だけど、日々の生活に追われ狭い世界で日常を生きている。

未知の世界へのことを考えるとワクワクするが、つい行動は後回しになる。
そうしているうちに無為に日々が過ぎていく。


最近、巣ごもり生活が続くせいか少しエネルギーが低下しているので、元気がでる映画をと思い「LIFE」を観た。そして思いの他心を揺さぶられた。

映画を観て感じた気持ちを忘れないためにも、熱が冷めないうちに書いておきたいと思う。


『LIFE』2013年/アメリカ
原題:The Secret Life of Walter Mitty
監督:ベン・スティラー
出演:ベン・スティラー/ショーン・ペン/クリスティン・ウィグ


主人公ウォルターは写真雑誌として名高い「LIFE」の写真管理部門でネガフィルムを管理する仕事をしている。

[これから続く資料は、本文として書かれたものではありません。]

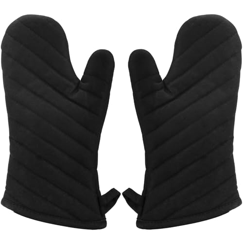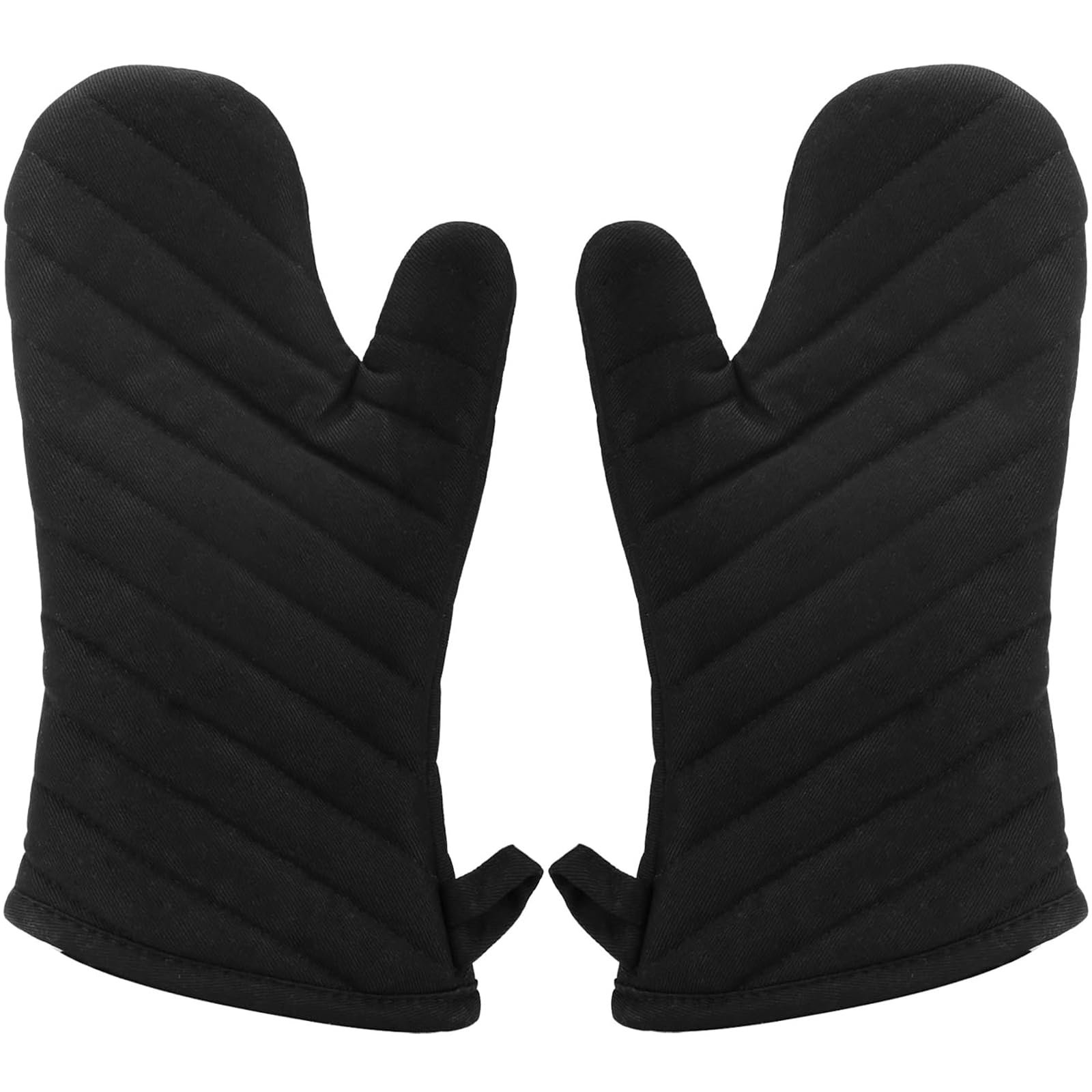 【送料無料】オーブンミトン - Nuovoware 耐熱 滑り止め 綿製 キッチン用 オーブンミトン・手袋 2個セット 長いタイプ BLACK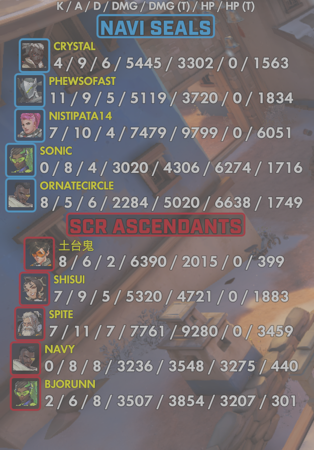 5 entries| Team | Player | Kills | Assists | Deaths | Damage | Damage (Taken) | Healing | Healing (Taken) |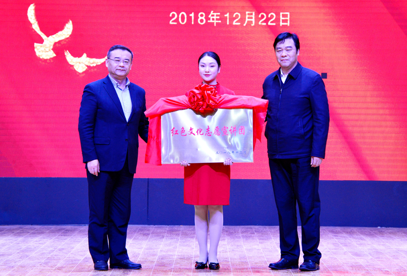 在红色故事宣讲会上,我校党委书记孙进、徐州市委宣传部副部长吕岩共同为学校“红色文化志愿宣讲团”揭牌;南京雨花台烈士陵园管理局社教部讲解接待科科长郭琦、江苏省广播电视总台主持人刘静渊等5名讲解员受聘担任“红色文化志愿宣讲团”指导老师,我校党委副书记梁惠、徐州市社科联副主席孙法亮为指导老师颁发聘书;淮海战役烈士纪念塔管理局局长蒋越锋、我校副院长蒋兆峰共同为我校与淮塔管理局共建的“爱国主义与革命文化教育实践基地”揭牌。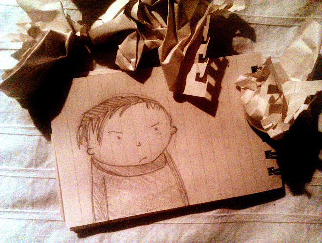 nel tentativo di aumentare la produzione, e complice la scarsa vena creativa, ho buttato via mezzo blocchetto: alla fine è rimasto solo questo... coso... contornato da foglietti appallottolati. mah...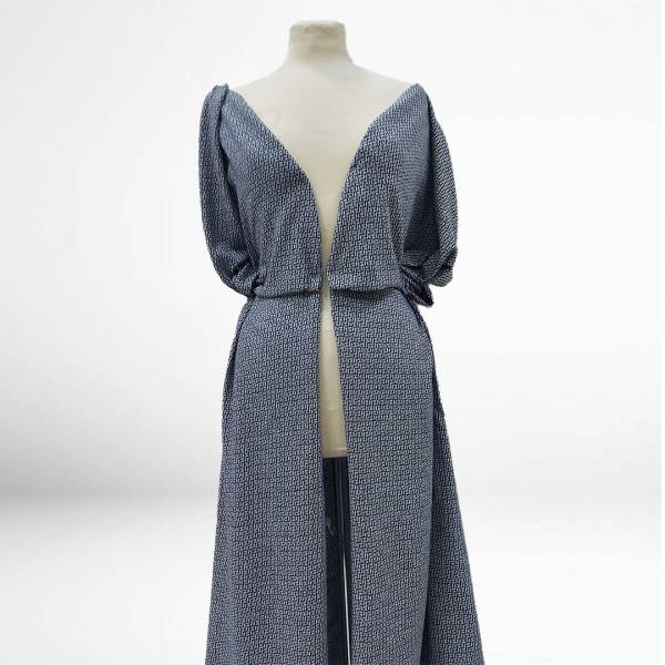 Splendido Cotone per Abbigliamento con fondo blu e disegni bianchi è utilizzato per la produzione di abbigliamento adatto per vestaglie, pigiami e abbigliamento da notte.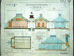 Ende des 19. Jahrhunderts galt bei der Sprengstofflagerung das Prinzip, einer Explosion möglichst wenig Widerstand zu bieten (Verdämmung). Die Lagerschuppen wurden deshalb in Leichtbauweise errichtet. Es wurde darauf geachtet, die Sprengstoffe vor Hitze, Feuchtigkeit und Staub zu schützen. Die Grundform war eingeschossig mit einem doppelten Walmdach mit großem Dachüberstand; die Gebäude standen auf einem Fundament aus Jarrah-Pfählen. Das Tragwerk bestand aus einem Holzrahmen. Die Wände bestanden aus zwei Schichten galvanisiertem Wellblech mit einem Luftraum dazwischen; auf dem inneren Wellblech war eine Holzbrettverkleidung mittels Lattung befestigt, so dass auch dort ein Luftraum entstand. Die dreifache Wandkonstruktion mit jeweils einem Luftraum dazwischen sowie die Dachform sorgten für eine gute Wärmedämmung. Die Schuppen wurden natürlich belüftet. Von einer markanten Laterne führte ein großer Lüftungsschacht durch das doppelte Dach in das Innere; auch im Fußboden befanden sich zehn Lüftungsschächte. So konnte kühle Luft von unterhalb des Gebäudes angesaugt werden. Die Ventilationsschächte und Kanäle waren mit Metallgittern abgedeckt, um Staub und Funken fernzuhalten. Die Außenwände der Lagerschuppen waren weiß gekalkt. Ursprünglich standen Regenwassertanks vor den Lagerschuppen, diese wurden aber entfernt, als die Schmalspurbahn verlegt wurde.[1][5]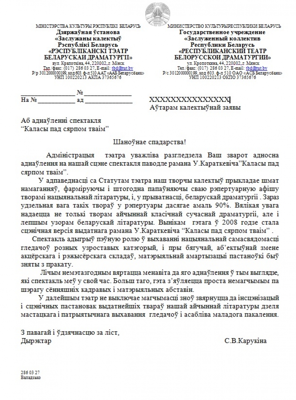 Таму просiм аднавiць спектакль «Каласы пад сярпом тваiм» паводле твора У.Караткевiча i зноў уключыць яго ў рэпертуар Рэспублiканскага тэатра беларускай драматургii.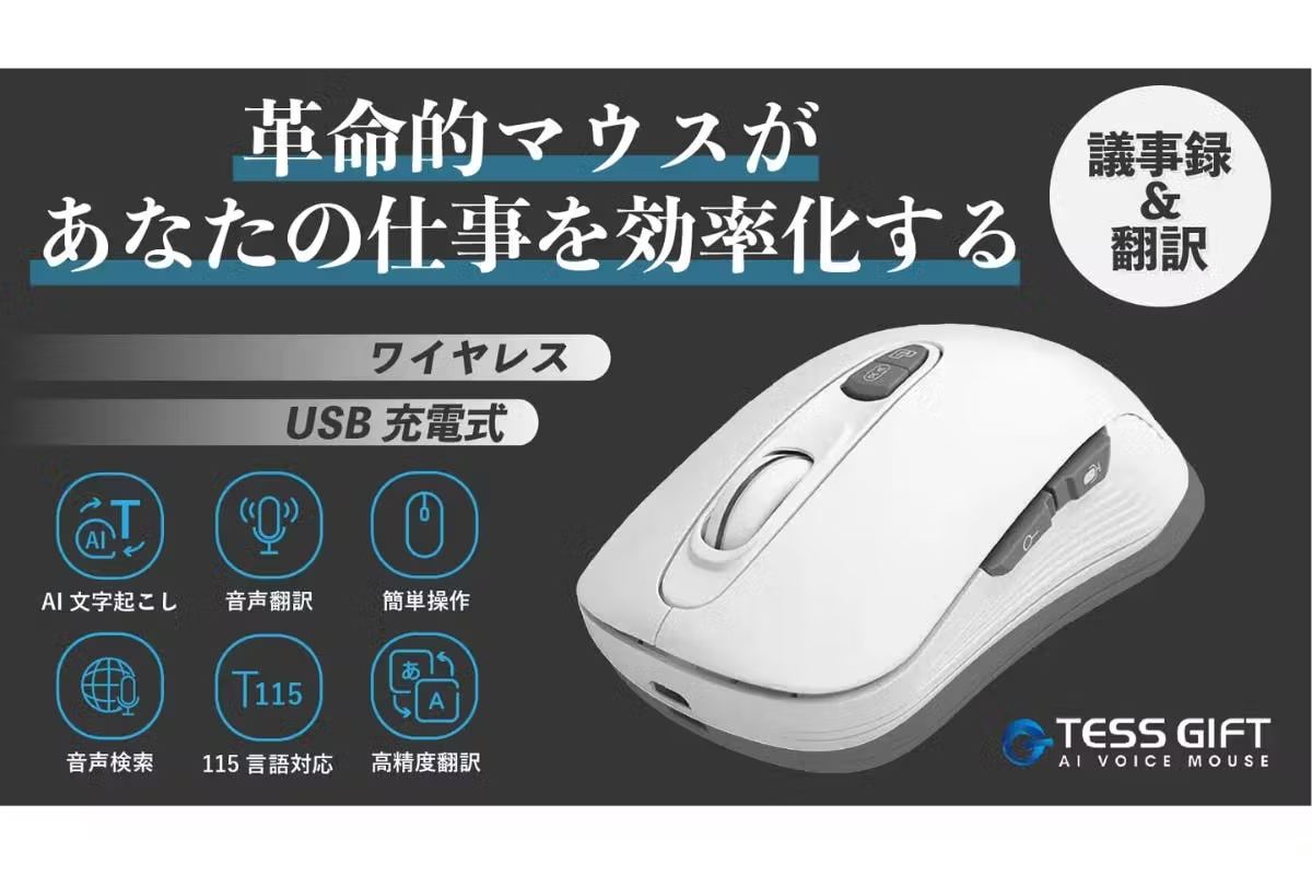 【作業の圧倒的効率化】文字起こし・翻訳・検索を指先ひとつで。AIライティングマウス「TESS GIFT」が1月20日よりCAMPFIREで先行販売開始!

ウォルターは若くして父を亡くし、自分のやりたいことを諦めて生きてきた。仕事には真摯に取り組んでいるが代わり映えのしない毎日。口下手で自分に自信もなく、気になっている同僚をデートに誘うこともできない。

そんな彼を自由に解放するのは空想の中。
空想の中でウォルターは、現実の自分とは全く違う行動的で冒険心のある理想の男になれる。

ある日、伝説の写真雑誌「LIFE」がオンラインへの移行により休刊が決定する。

そして、その最終号の表紙を飾る写真のネガフィルムが、写真家のショーンからウォルター宛に送られてくる。ショーンはウォルターの仕事を信頼し尊敬しており、雑誌最後となる表紙のネガをウォルターに託したのだ。

ショーンが「自分の最高傑作」「これがLIFEの真髄」というその写真のネガフィルムはNo.25。

しかし、そのNo.25だけが見当たらない。
ウォルターはNo.25を捜すため、ショーンの行方を追うことになる。
これが彼の人生を変える壮大な旅になる。


ところで、安全な場所から、安全かどうかわからない場所に飛び降りるのは勇気がいる。誰でもそうだ。冒険心旺盛だったり冒険を生きがとしている人でもなければ、皆怖いと感じるはずだ。

でも、この映画の主人公ウォルターは自分を奮い立たせ、安全な場所から飛び降りる。というか、映画ではショーンに会うために酔っ払いが運転するヘリコプターに、命がけで飛び乗るのだが。

そして、このはじめの一歩が彼の人生を変える。
ウォルターに限らずだが、思い切って飛び降りてしまえば腹をくくって前に進むしかない。

***

話はそれるが、私も安全な場所から安全かどうかわからない場所に飛び降りたことがある。

私は長く会社員として生きてきた。
安定した生活。
実際、収入も悪くなかったし社会的信用もあった。

何度か転職を経験しながら順調にキャリアを築き、昇進して管理職にもなり、はたから見れば安泰だと思われていた。

でも私の心はいつもざわついていた。
毎日会社行き、同じような価値観を持った同じような人々と、同じような仕事を繰り返す生活にほとほとウンザリしていた。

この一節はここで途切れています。